Records from a data source:
= Beginning of Section =

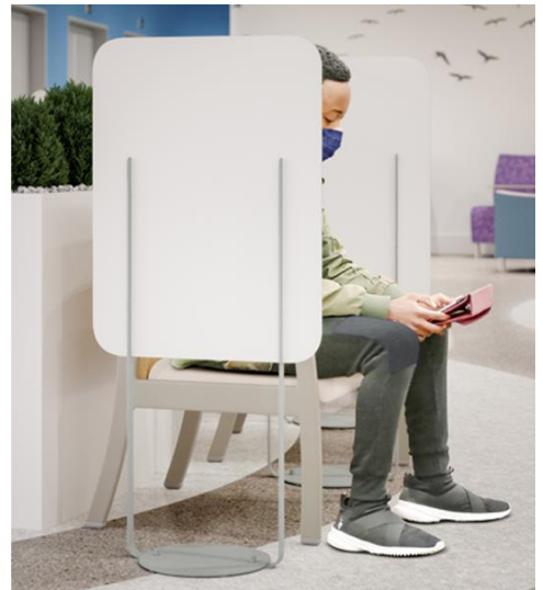
White HDPE Divider
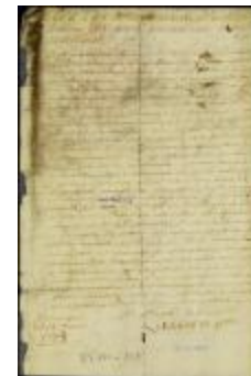
Petition of Elizabeth de Potter to be admitted as a preferred creditor of the late gov. Lovelace (NYSA_A1881-78_V23_0318)
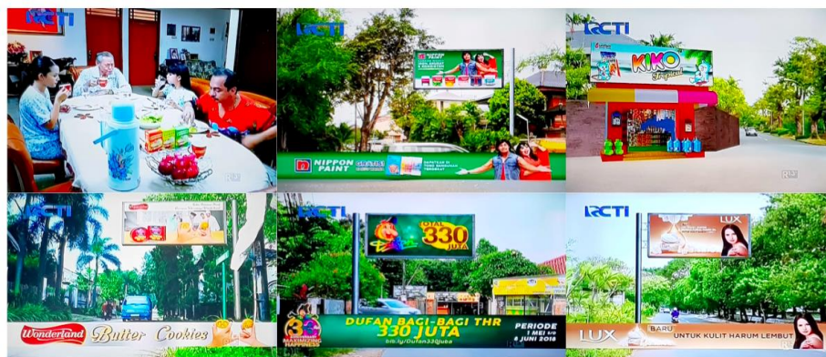
Figure 2. Digital placement product.

"Yes, usually the character of the audience if there are advertisements, they immediately move the channel. They don't want to watch advertisements, but like there are unwritten rules between other television stations, or peering at each other whether the television station is next to the advertisement or not. Our adverts are also advertisements or vice versa. The audience finally also got an advertisement if they moved the channel," Roy said.
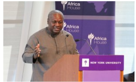
President Mahama In New York
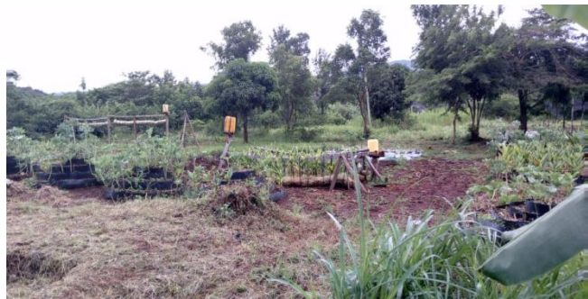
Plate 5. Cassava MH 95, improved variety and drought tolerant
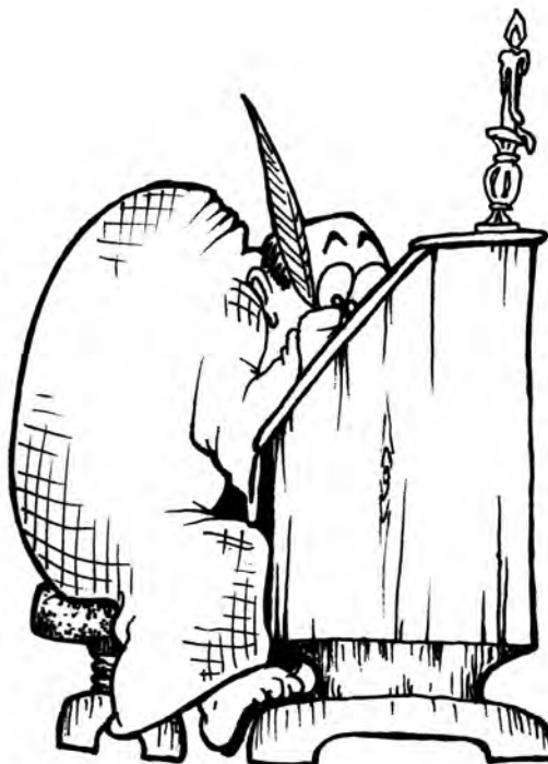
Illustration by Justin Cammer

Class members format the paper, create illustrations to accompany specific articles, and have provided photographic coverage of student events. Their combined efforts have helped this paper move to a new level of readability. ●
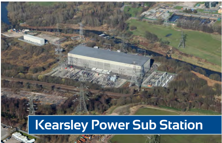
Kearsley Power Sub Station
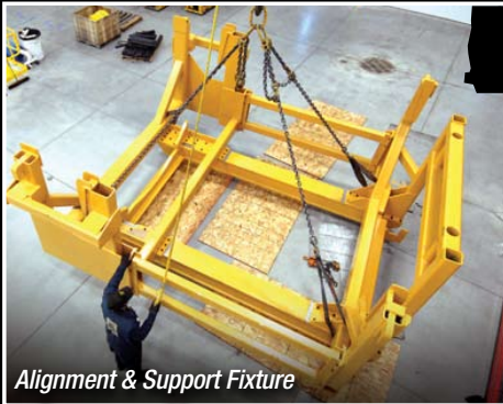
Alignment & Support Fixture
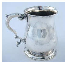
Lot # 461
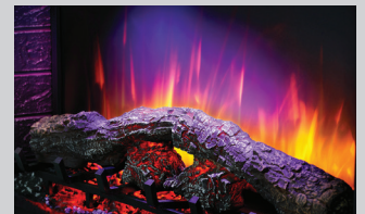
TOP LIGHT ACCENTUATES MEDIA
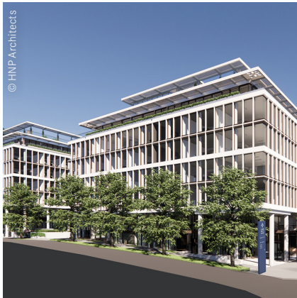
Carré Muthgasse | 1190 Vienna
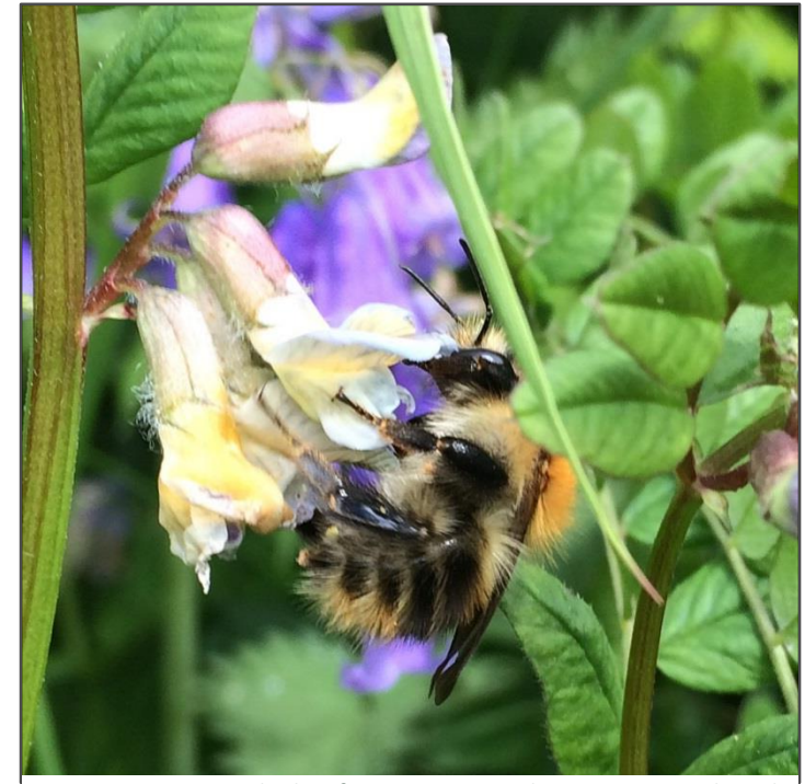
Figure 3 Common carder bee foraging on a road verge K Stinchcombe

Further information can be used to increase our understanding of biodiversity and ecosystem resilience as it becomes available e.g. the Monmouthshire Rare Plant Register<sup>5</sup> and other studies such as those relating to tranquillity and dark skies.
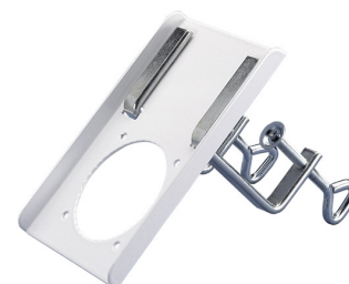
Table bracket, white Product No.: 27510
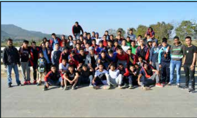
Class XI cadets on an outing at Serou, Kakching District on 22 Jan 2017
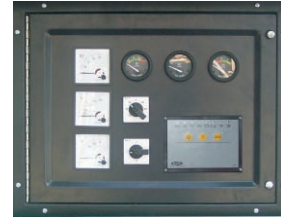
The controller made in UK DEEPSEA genset controller
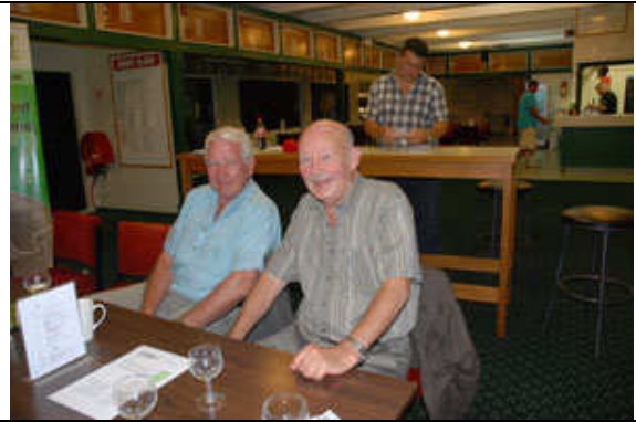
The Golf Club humming at dinner time

= End of Section =

WHAT YOU ARE ASKED TO DO: Check each line of the entries for the word "Figure", then state the count alone.

SOLUTION FOR THIS TASK: 2